PROVIDED INFORMATION:
--

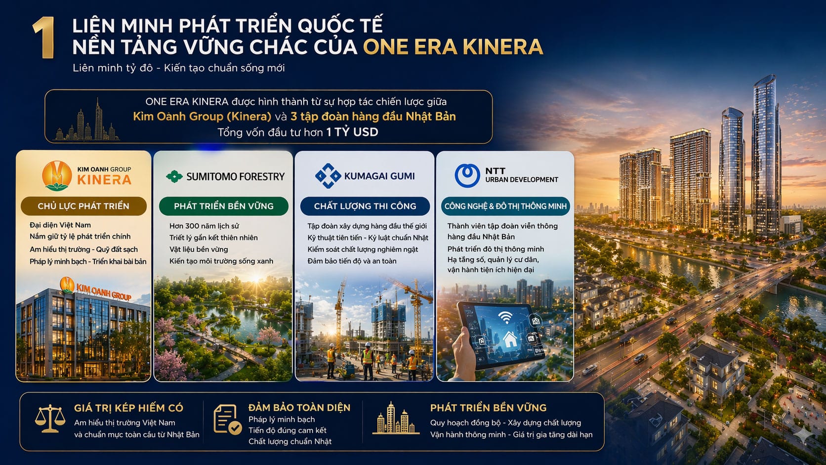 Trong bối cảnh thị trường bất động sản ngày càng đòi hỏi tính minh bạch, năng lực triển khai và tầm nhìn dài hạn, việc lựa chọn đúng chủ đầu tư gần như quyết định 70% thành công của một khoản đầu tư. Và khi nhắc đến ONE ERA, cái tên không thể bỏ qua chính là Kinera – Kim Oanh Group, đơn vị đang đứng sau toàn bộ chiến lược phát triển dự án.
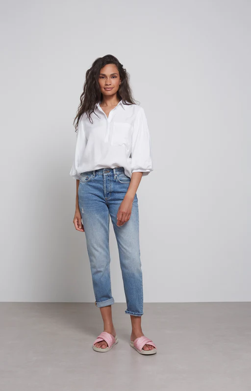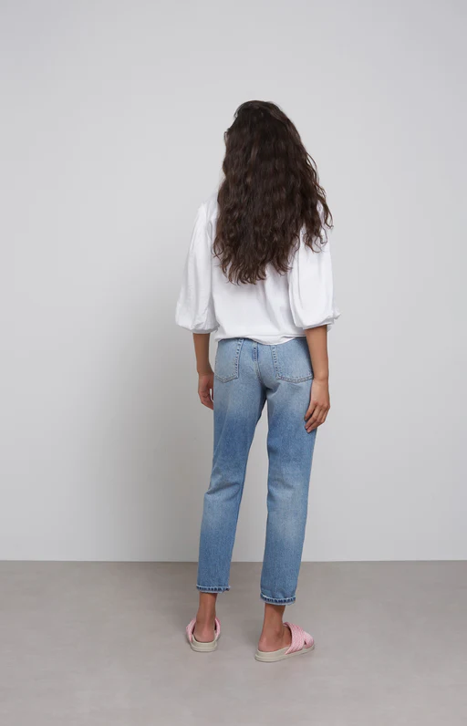 Podnieś poziom swojej dżinsowej gry dzięki tym dżinsom z prostymi nogawkami i wysokim stanem, z subtelnymi postrzępionymi detalami i klasycznym stylem z pięcioma kieszeniami. Wysoki stan zapewnia pochlebne i wygodne dopasowanie, a prosta nogawka zapewnia wszechstronność stylizacji.
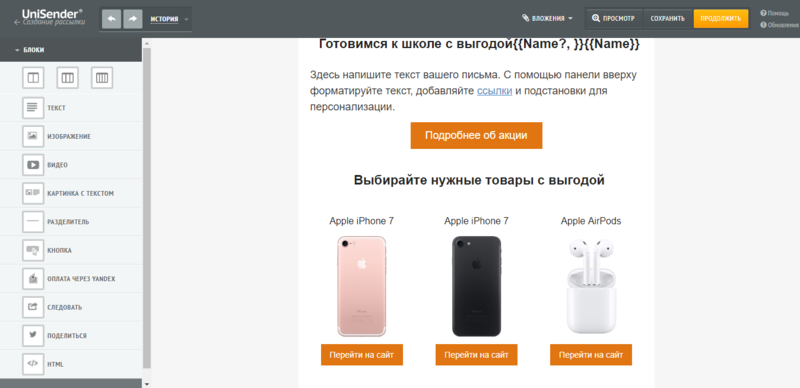 Как все будет заполнено нажимаем продолжить и в новом окне создаем само письмо. Можно воспользоваться блочным редактором, выбрать готовый шаблон или просто набрать текст сообщения.
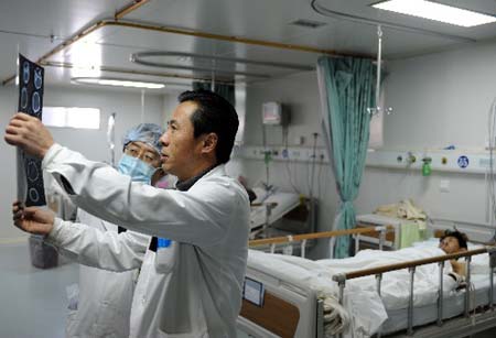 Updated: 2008-11-19 09:17 ![]() A wounded passenger is treated at the People's Hospital in Lhasa, capital of southwest China's Tibet Autonomous Region November 18, 2008. A passenger bus plunged into a valley on last Friday in Nagqu prefecture, leaving 18 dead and 29 others injured. The wounded have been sent to major hospitals in Lhasa and Police are investigating the cause of the crash.[Xinhua] |
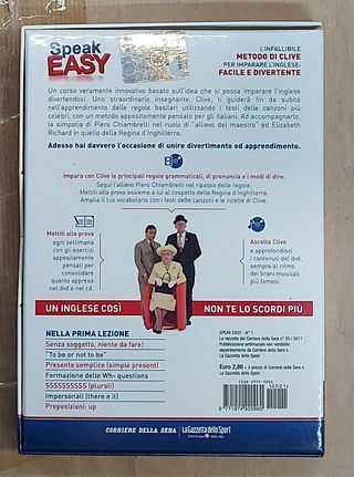 Corso completo Speak Easy per imparare l'inglese, ideato da Clive. Include materiale didattico per un apprendimento facile e divertente. - Metodo infallibile di Clive. - Include 14 DVD. - Include CD. - Con Piero Chiambretti e Elizabeth Richard.
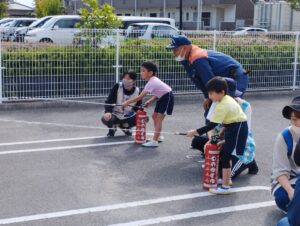 その後らいおん組さんは特別に消火訓練に参加しました。
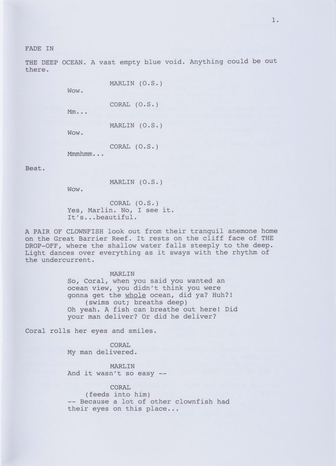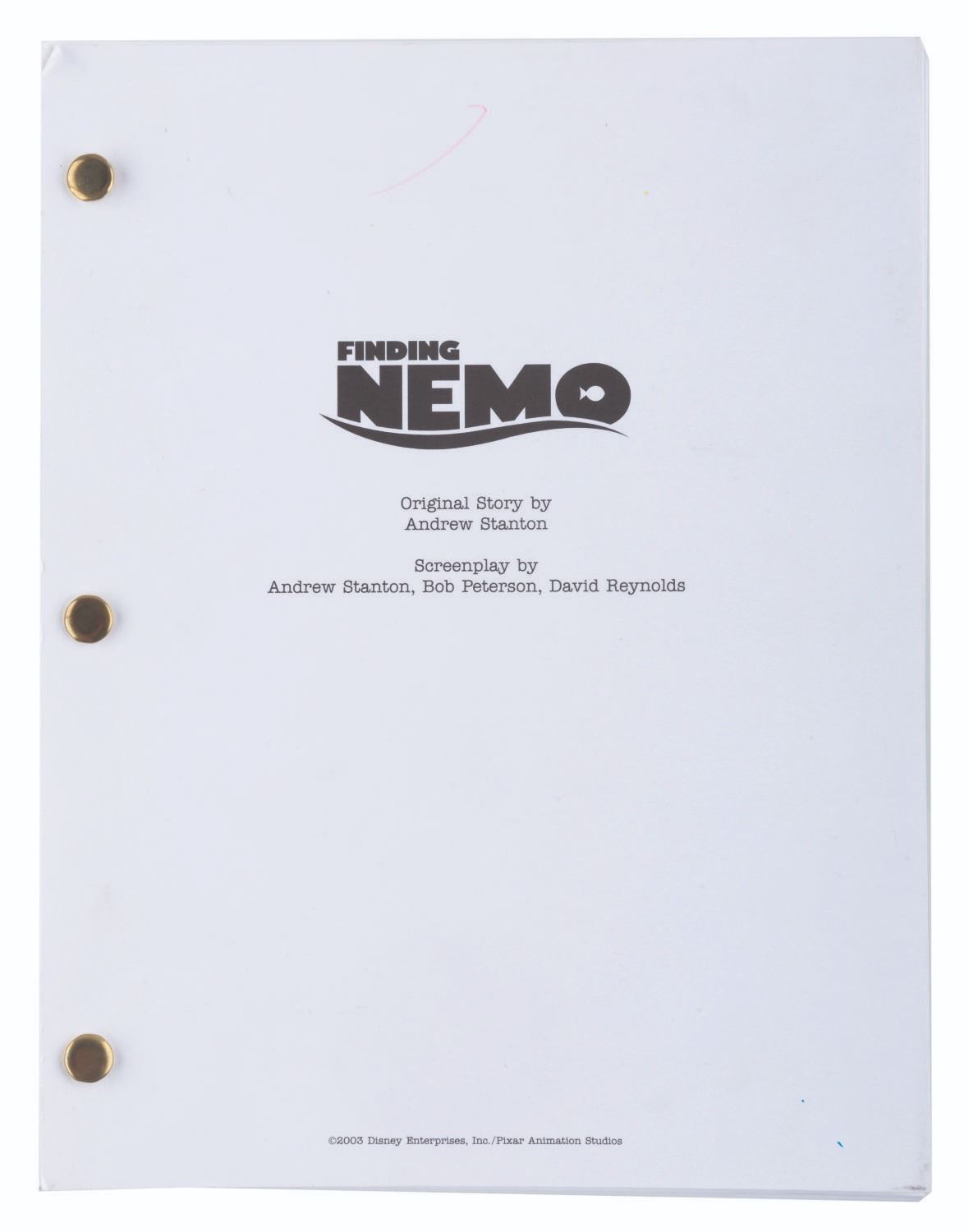 (Disney/Pixar, 2003) A For Your Consideration screenplay for"Finding Nemo," written by Andrew Stanton, Bob Peterson, and David Reynolds. The 141-page script was nominated for Best Original Screenplay at the Academy Awards, a rare feat for an animated film. Measuring 8.5" x 11", the screenplay is in very good condition with light handling wear, while the cover displays in good condition with scratches, edge wear, and light stains, with a stray red mark near the top and blue spots at the bottom right.
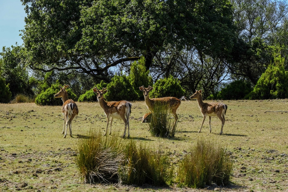 Com o tempo, as crias de gamo (cervídeo da mesma família do veado) têm-se habituado cada vez mais à presença dos humanos na floresta da tapada. A pé, são de mais difícil avistamento, mas as probabilidades aumentam quando a visita é feita num dos novos carros elétricos do parque.

--

TASK INSTRUCTIONS:
Write the records out exactly, dropping every image.

ANSWER BOX:
 Trong bối cảnh thị trường bất động sản ngày càng đòi hỏi tính minh bạch, năng lực triển khai và tầm nhìn dài hạn, việc lựa chọn đúng chủ đầu tư gần như quyết định 70% thành công của một khoản đầu tư. Và khi nhắc đến ONE ERA, cái tên không thể bỏ qua chính là Kinera – Kim Oanh Group, đơn vị đang đứng sau toàn bộ chiến lược phát triển dự án.
 Podnieś poziom swojej dżinsowej gry dzięki tym dżinsom z prostymi nogawkami i wysokim stanem, z subtelnymi postrzępionymi detalami i klasycznym stylem z pięcioma kieszeniami. Wysoki stan zapewnia pochlebne i wygodne dopasowanie, a prosta nogawka zapewnia wszechstronność stylizacji.
 Как все будет заполнено нажимаем продолжить и в новом окне создаем само письмо. Можно воспользоваться блочным редактором, выбрать готовый шаблон или просто набрать текст сообщения.
 Updated: 2008-11-19 09:17 ![]() A wounded passenger is treated at the People's Hospital in Lhasa, capital of southwest China's Tibet Autonomous Region November 18, 2008. A passenger bus plunged into a valley on last Friday in Nagqu prefecture, leaving 18 dead and 29 others injured. The wounded have been sent to major hospitals in Lhasa and Police are investigating the cause of the crash.[Xinhua] |
 Corso completo Speak Easy per imparare l'inglese, ideato da Clive. Include materiale didattico per un apprendimento facile e divertente. - Metodo infallibile di Clive. - Include 14 DVD. - Include CD. - Con Piero Chiambretti e Elizabeth Richard.
 その後らいおん組さんは特別に消火訓練に参加しました。
 (Disney/Pixar, 2003) A For Your Consideration screenplay for"Finding Nemo," written by Andrew Stanton, Bob Peterson, and David Reynolds. The 141-page script was nominated for Best Original Screenplay at the Academy Awards, a rare feat for an animated film. Measuring 8.5" x 11", the screenplay is in very good condition with light handling wear, while the cover displays in good condition with scratches, edge wear, and light stains, with a stray red mark near the top and blue spots at the bottom right.
 Com o tempo, as crias de gamo (cervídeo da mesma família do veado) têm-se habituado cada vez mais à presença dos humanos na floresta da tapada. A pé, são de mais difícil avistamento, mas as probabilidades aumentam quando a visita é feita num dos novos carros elétricos do parque.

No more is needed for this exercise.